> Records from a collection
· · · ·
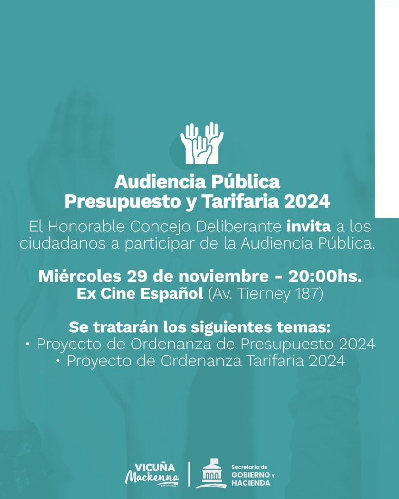 El Miércoles 29 se realizará la audiencia pública para discutir cuales serán los presupuestos y tarifarias 2024 en Vicuña Mackenna.
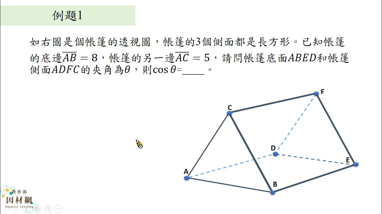 載入中... 相關課程 Back S-11A-1-S05_能認識空間中平面與平面的關係,並能計算兩面角的夾角餘弦值 相關課程 0 / 750 登入觀看 ⇐ Use this menu to view and help create subtitles for this video in many different languages. You'll probably want to hide YouTube's captions if using these subtitles. S-11A-1-S05_能認識空間中平面與平面的關係,並能計算兩面角的夾角餘弦值 上傳學習單 下載學習單
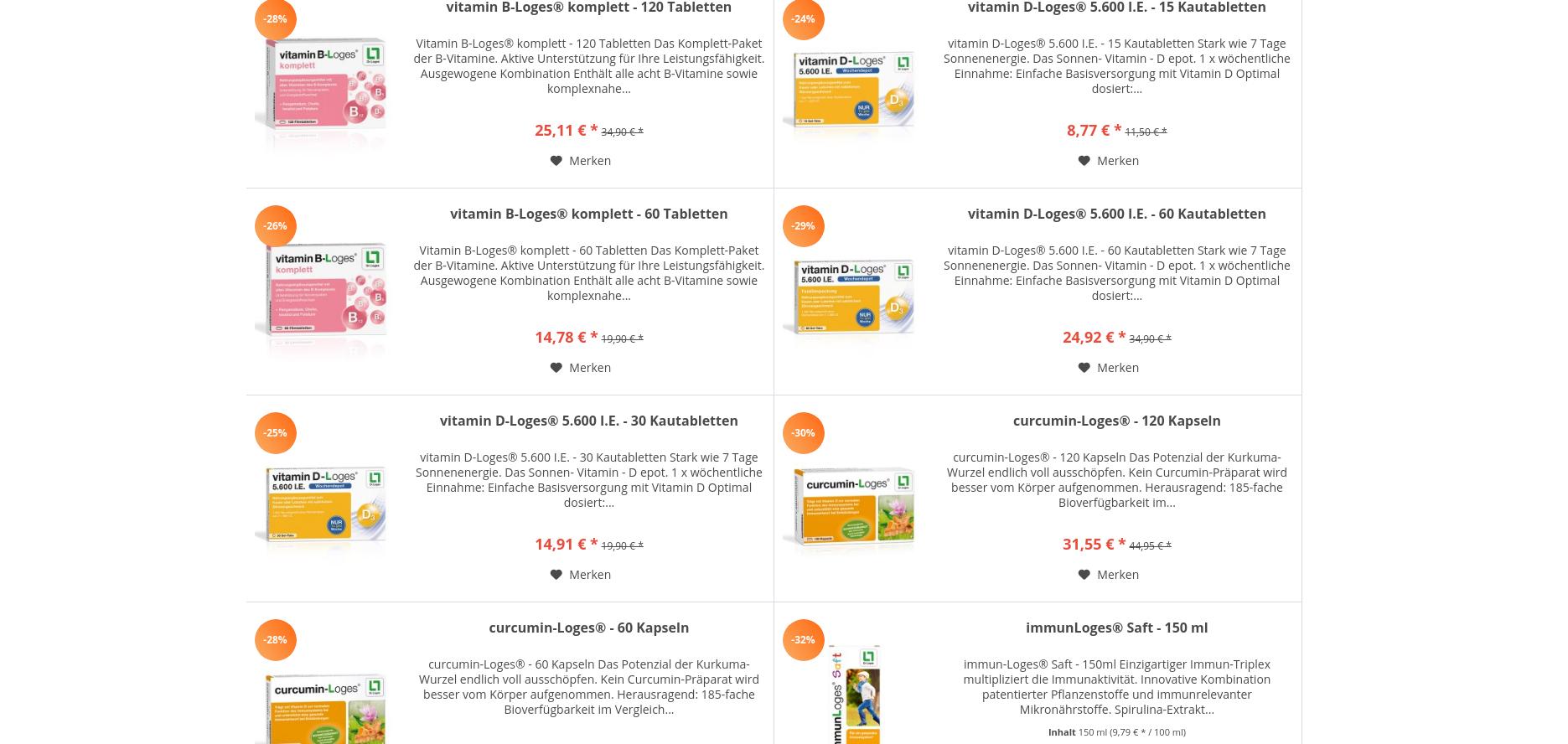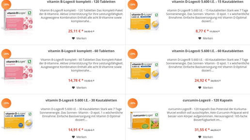 Dr. Loges hat ebenfalls mit einigen Produkten in den Webshop geschafft, genauso wie Allergosan mit OmniBiotic, Metacare und Caricol. Weitere Produkte aus dem Bereich der Nahrungsergänzung sind Panaceo (Geomin), Oxano (Müller-Wohlfahrt) und Boma. Für die Haare gibt es Priorin (Bayer) und Bioxsine (B'Iota). Aus dem Bereich Mundhygiene sind Apacare (Cumdente) und Denttabs zu finden. Als Kosmetik gibt es die ebenfalls aus dem Mass Market bekannte Linie Dalan d'Olive. Ohrstöpsel werden von Alpine und Wellnoise angeboten, Wundprodukte von Kwizda.
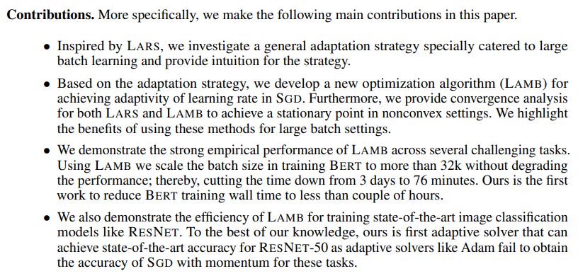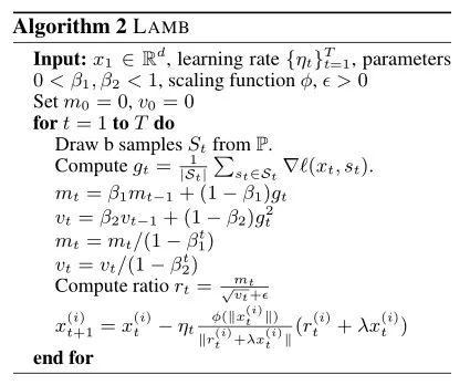 基于自适应策略,提出了一种新的优化算法(LAMB)来实现SGD中学习速率的自适应。此外,还提供了LARS和LAMB的收敛分析,以获得非凸情况下的一个驻点。我们将重点介绍在大型批处理设置中使用这些方法的好处。
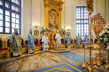 По окончании Литургии Святейший Патриарх Кирилл и архиереи, участвовавшие в богослужении, возложили цветы на могилу митрополита Феофана (Ашуркова; 21 мая 1947 г. – 20 ноября 2020 г.), которая находится за алтарем Казанского собора, и пропели «Вечную память» приснопамятному архипастырю.
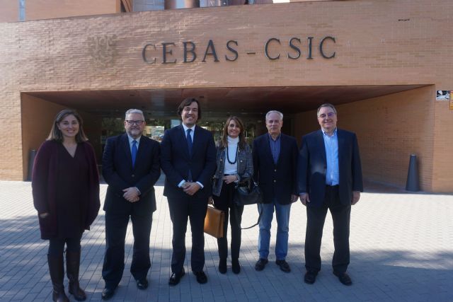 El consejero de Empleo, Investigación y Universidades, Miguel Motas, acompañado por la directora general de Investigación e Innovación, Isabel Fortea, y por el director del centro, Juan José Alarcón, visitó el Centro de Edafología y Biología del Segura (CEBAS), dependiente del Consejo Superior de Investigaciones Científicas (CSIC). Además, expresó su intención de apoyar en todo lo que esté en su mano "la candidatura del centro como organismo nacional de excelencia investigadora".
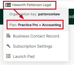 - In Actionstep, hover over the organization menu (located on the top-left corner of any Actionstep page).
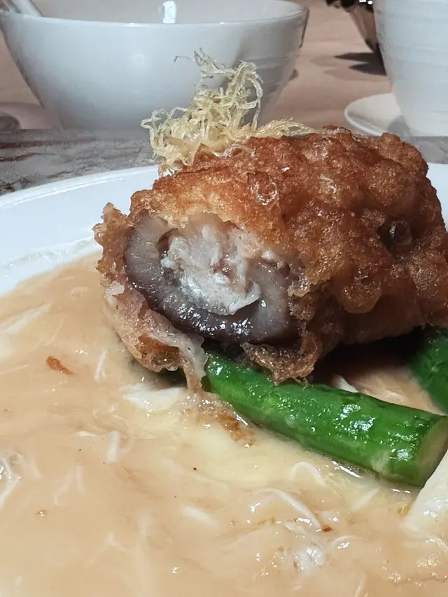 相信「海鮮汁脆皮釀遼參」乃係功夫菜,將遼參炸得金黃恰到好處,令整件遼參有豐富既口感,海鮮汁乃錦上添花~
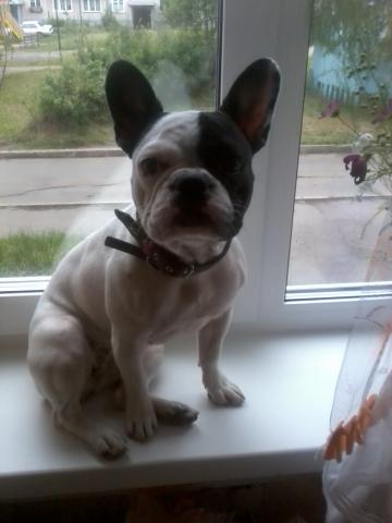 В детстве все французики имеют непропорциональное телосложение - большая голова и уши, тоненькие ножки. Голова была тяжелее... Очень смешно было наблюдать, как он пьёт или ест из миски. Если он опускал голову - тут же поднимались задние ноги, и неизбежно мордочка оказывалась полностью в миске с водой или кормом. За этой картиной можно было наблюдать бесконечно. Без нашей помощи тут было не обойтись. И каждый раз, когда он хотел поесть или попить - кто-нибудь из домашних держал ему задние лапы.
· · · ·
Could you transcribe all of the data exactly and omit the pictures?

 El Miércoles 29 se realizará la audiencia pública para discutir cuales serán los presupuestos y tarifarias 2024 en Vicuña Mackenna.
 載入中... 相關課程 Back S-11A-1-S05_能認識空間中平面與平面的關係,並能計算兩面角的夾角餘弦值 相關課程 0 / 750 登入觀看 ⇐ Use this menu to view and help create subtitles for this video in many different languages. You'll probably want to hide YouTube's captions if using these subtitles. S-11A-1-S05_能認識空間中平面與平面的關係,並能計算兩面角的夾角餘弦值 上傳學習單 下載學習單
 Dr. Loges hat ebenfalls mit einigen Produkten in den Webshop geschafft, genauso wie Allergosan mit OmniBiotic, Metacare und Caricol. Weitere Produkte aus dem Bereich der Nahrungsergänzung sind Panaceo (Geomin), Oxano (Müller-Wohlfahrt) und Boma. Für die Haare gibt es Priorin (Bayer) und Bioxsine (B'Iota). Aus dem Bereich Mundhygiene sind Apacare (Cumdente) und Denttabs zu finden. Als Kosmetik gibt es die ebenfalls aus dem Mass Market bekannte Linie Dalan d'Olive. Ohrstöpsel werden von Alpine und Wellnoise angeboten, Wundprodukte von Kwizda.
 基于自适应策略,提出了一种新的优化算法(LAMB)来实现SGD中学习速率的自适应。此外,还提供了LARS和LAMB的收敛分析,以获得非凸情况下的一个驻点。我们将重点介绍在大型批处理设置中使用这些方法的好处。
 По окончании Литургии Святейший Патриарх Кирилл и архиереи, участвовавшие в богослужении, возложили цветы на могилу митрополита Феофана (Ашуркова; 21 мая 1947 г. – 20 ноября 2020 г.), которая находится за алтарем Казанского собора, и пропели «Вечную память» приснопамятному архипастырю.
 El consejero de Empleo, Investigación y Universidades, Miguel Motas, acompañado por la directora general de Investigación e Innovación, Isabel Fortea, y por el director del centro, Juan José Alarcón, visitó el Centro de Edafología y Biología del Segura (CEBAS), dependiente del Consejo Superior de Investigaciones Científicas (CSIC). Además, expresó su intención de apoyar en todo lo que esté en su mano "la candidatura del centro como organismo nacional de excelencia investigadora".
 - In Actionstep, hover over the organization menu (located on the top-left corner of any Actionstep page).
 相信「海鮮汁脆皮釀遼參」乃係功夫菜,將遼參炸得金黃恰到好處,令整件遼參有豐富既口感,海鮮汁乃錦上添花~
 В детстве все французики имеют непропорциональное телосложение - большая голова и уши, тоненькие ножки. Голова была тяжелее... Очень смешно было наблюдать, как он пьёт или ест из миски. Если он опускал голову - тут же поднимались задние ноги, и неизбежно мордочка оказывалась полностью в миске с водой или кормом. За этой картиной можно было наблюдать бесконечно. Без нашей помощи тут было не обойтись. И каждый раз, когда он хотел поесть или попить - кто-нибудь из домашних держал ему задние лапы.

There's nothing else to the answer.